## [EXERCISE BRIEF]
Transcribe word for word the section of the records below that opens with the line containing "A color photo" and closes with the line containing "El Redragon Fizz"; drop every picture.

## [DATA RECORDS]

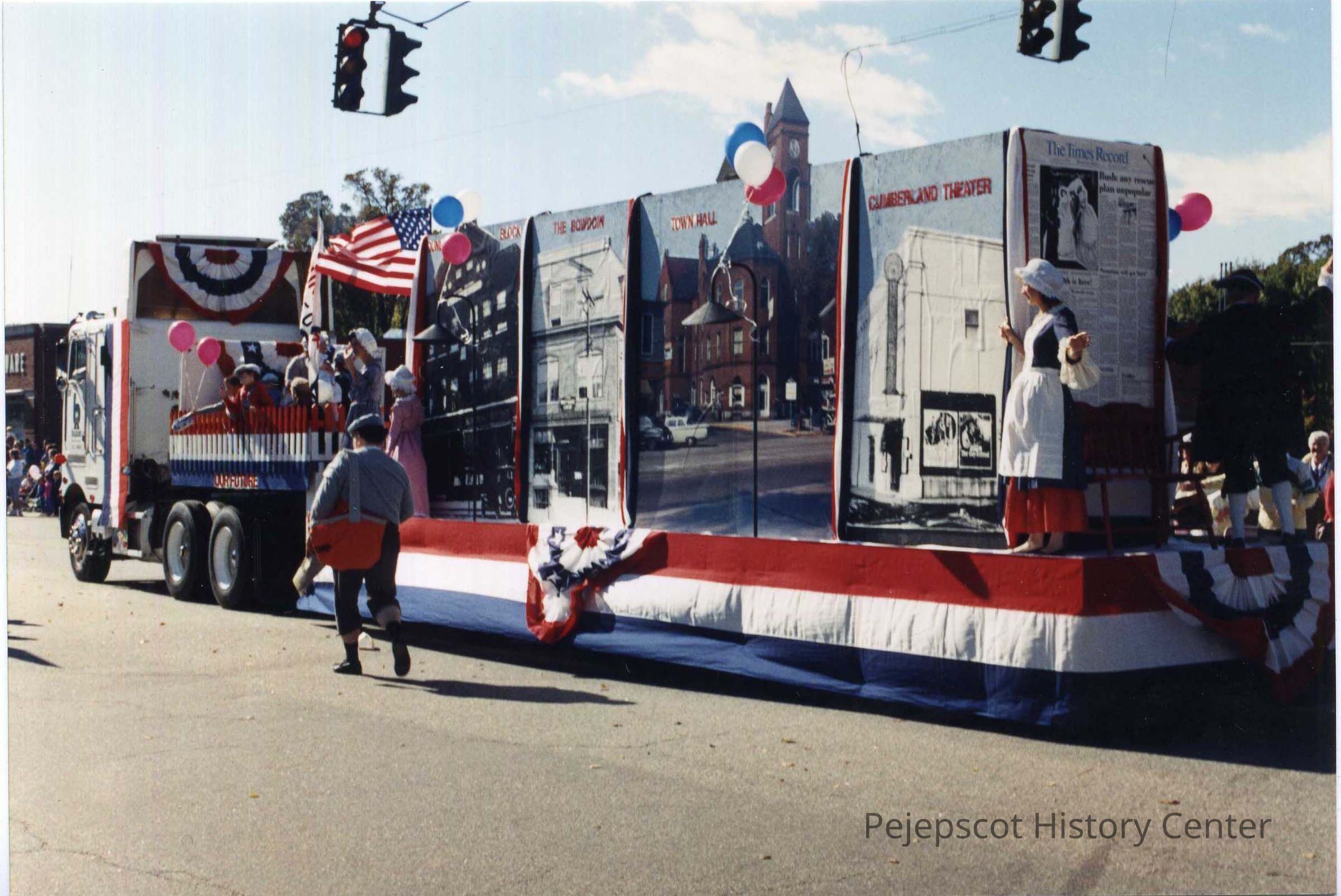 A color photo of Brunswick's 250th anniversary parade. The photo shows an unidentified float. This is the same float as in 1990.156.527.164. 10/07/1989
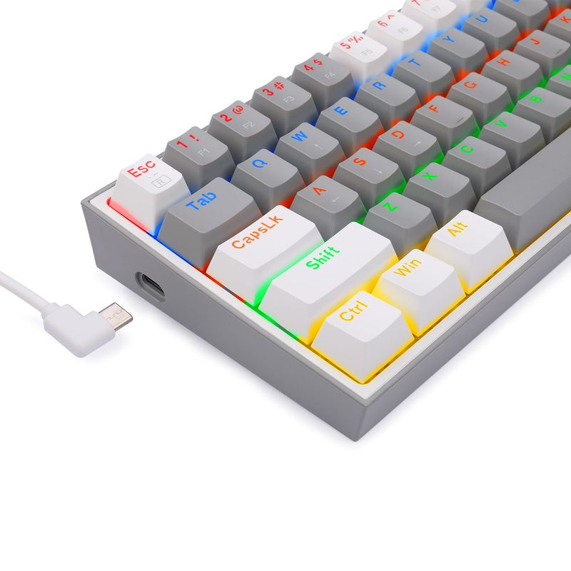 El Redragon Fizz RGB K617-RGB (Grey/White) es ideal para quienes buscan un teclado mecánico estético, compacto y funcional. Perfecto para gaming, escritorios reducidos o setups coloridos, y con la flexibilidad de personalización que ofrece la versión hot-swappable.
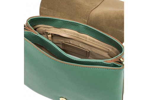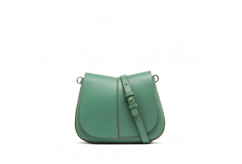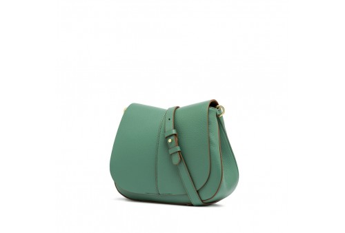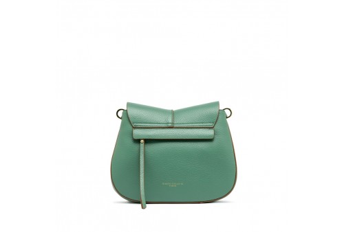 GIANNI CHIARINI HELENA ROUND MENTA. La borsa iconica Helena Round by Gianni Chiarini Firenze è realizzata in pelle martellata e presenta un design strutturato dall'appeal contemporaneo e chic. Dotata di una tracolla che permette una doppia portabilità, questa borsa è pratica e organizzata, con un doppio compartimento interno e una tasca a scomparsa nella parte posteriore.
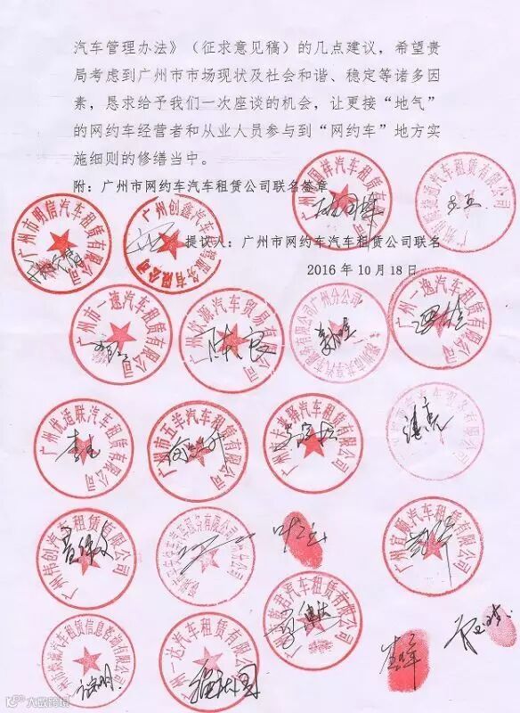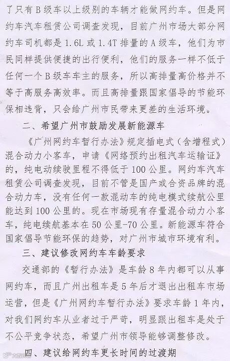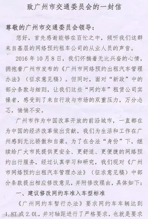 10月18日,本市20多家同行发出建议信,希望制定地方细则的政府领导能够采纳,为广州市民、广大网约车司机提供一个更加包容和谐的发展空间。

==

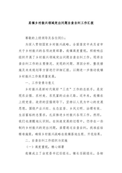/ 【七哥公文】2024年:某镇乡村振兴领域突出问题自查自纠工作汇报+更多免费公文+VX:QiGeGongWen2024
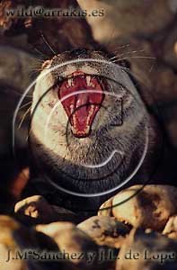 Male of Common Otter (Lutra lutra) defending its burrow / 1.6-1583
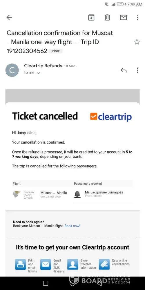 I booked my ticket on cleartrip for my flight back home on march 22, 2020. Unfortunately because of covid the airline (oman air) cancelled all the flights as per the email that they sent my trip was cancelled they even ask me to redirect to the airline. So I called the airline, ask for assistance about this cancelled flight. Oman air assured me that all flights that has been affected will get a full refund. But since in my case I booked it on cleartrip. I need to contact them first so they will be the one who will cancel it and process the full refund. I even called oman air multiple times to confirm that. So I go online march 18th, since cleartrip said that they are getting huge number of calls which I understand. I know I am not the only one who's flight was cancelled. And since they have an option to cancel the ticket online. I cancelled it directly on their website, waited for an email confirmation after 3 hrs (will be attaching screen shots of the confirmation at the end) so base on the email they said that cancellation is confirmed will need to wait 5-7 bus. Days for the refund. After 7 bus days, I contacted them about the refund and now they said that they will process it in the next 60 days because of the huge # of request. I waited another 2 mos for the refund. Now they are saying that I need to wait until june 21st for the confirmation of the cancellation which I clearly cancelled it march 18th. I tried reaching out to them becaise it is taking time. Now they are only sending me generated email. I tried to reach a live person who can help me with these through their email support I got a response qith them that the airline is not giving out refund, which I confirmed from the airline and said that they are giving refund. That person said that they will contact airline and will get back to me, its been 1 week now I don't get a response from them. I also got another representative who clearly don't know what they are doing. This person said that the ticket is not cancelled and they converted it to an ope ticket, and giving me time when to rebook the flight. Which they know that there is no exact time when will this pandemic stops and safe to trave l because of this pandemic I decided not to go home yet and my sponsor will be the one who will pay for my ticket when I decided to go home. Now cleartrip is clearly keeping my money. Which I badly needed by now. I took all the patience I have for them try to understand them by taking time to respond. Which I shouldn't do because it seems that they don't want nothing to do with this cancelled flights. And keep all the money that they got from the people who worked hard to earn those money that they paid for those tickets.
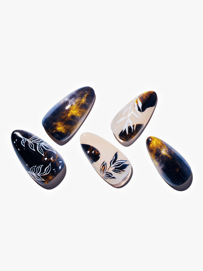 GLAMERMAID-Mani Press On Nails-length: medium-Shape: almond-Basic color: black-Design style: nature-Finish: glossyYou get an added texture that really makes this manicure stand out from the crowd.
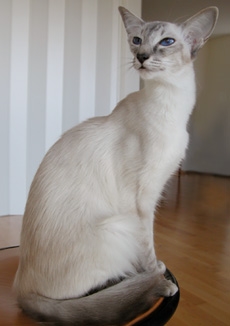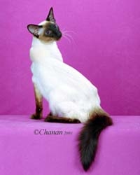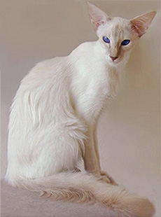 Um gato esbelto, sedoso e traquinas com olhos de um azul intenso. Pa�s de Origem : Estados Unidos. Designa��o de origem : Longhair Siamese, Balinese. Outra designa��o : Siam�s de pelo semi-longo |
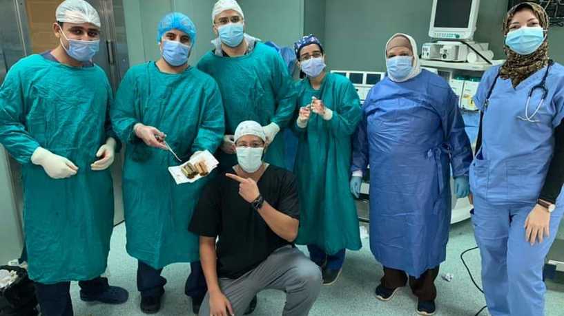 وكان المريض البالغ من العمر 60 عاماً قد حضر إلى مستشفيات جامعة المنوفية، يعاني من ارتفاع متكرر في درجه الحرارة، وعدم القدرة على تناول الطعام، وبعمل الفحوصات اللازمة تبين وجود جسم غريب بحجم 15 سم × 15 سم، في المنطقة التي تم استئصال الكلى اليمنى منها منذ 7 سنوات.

* * *

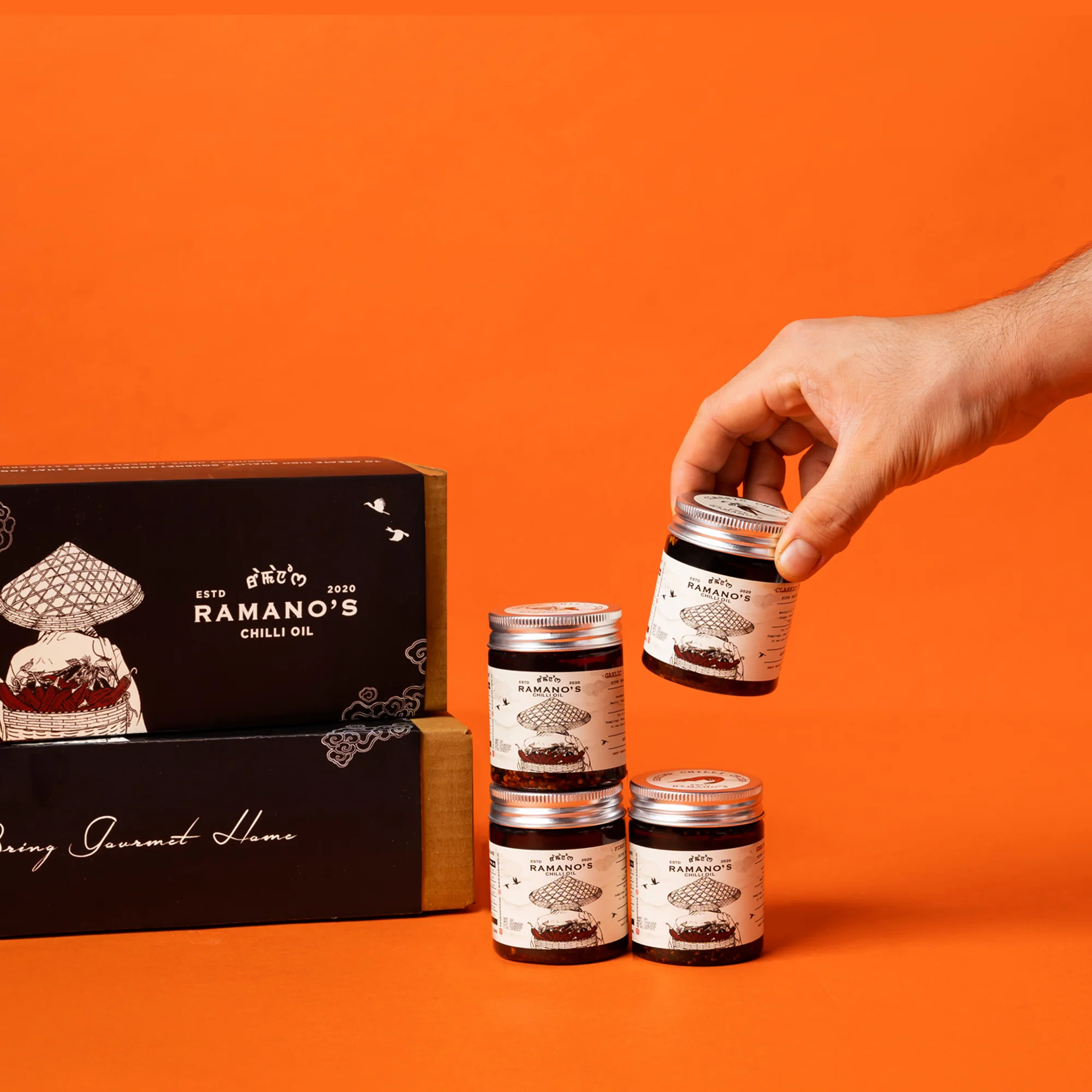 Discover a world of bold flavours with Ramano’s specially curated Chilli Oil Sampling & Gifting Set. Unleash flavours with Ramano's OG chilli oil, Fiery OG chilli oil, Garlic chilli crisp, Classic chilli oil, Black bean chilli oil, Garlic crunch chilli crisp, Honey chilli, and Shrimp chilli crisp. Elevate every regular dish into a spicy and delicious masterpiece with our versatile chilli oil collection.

## [TASK SOLUTION]
 A color photo of Brunswick's 250th anniversary parade. The photo shows an unidentified float. This is the same float as in 1990.156.527.164. 10/07/1989
 El Redragon Fizz RGB K617-RGB (Grey/White) es ideal para quienes buscan un teclado mecánico estético, compacto y funcional. Perfecto para gaming, escritorios reducidos o setups coloridos, y con la flexibilidad de personalización que ofrece la versión hot-swappable.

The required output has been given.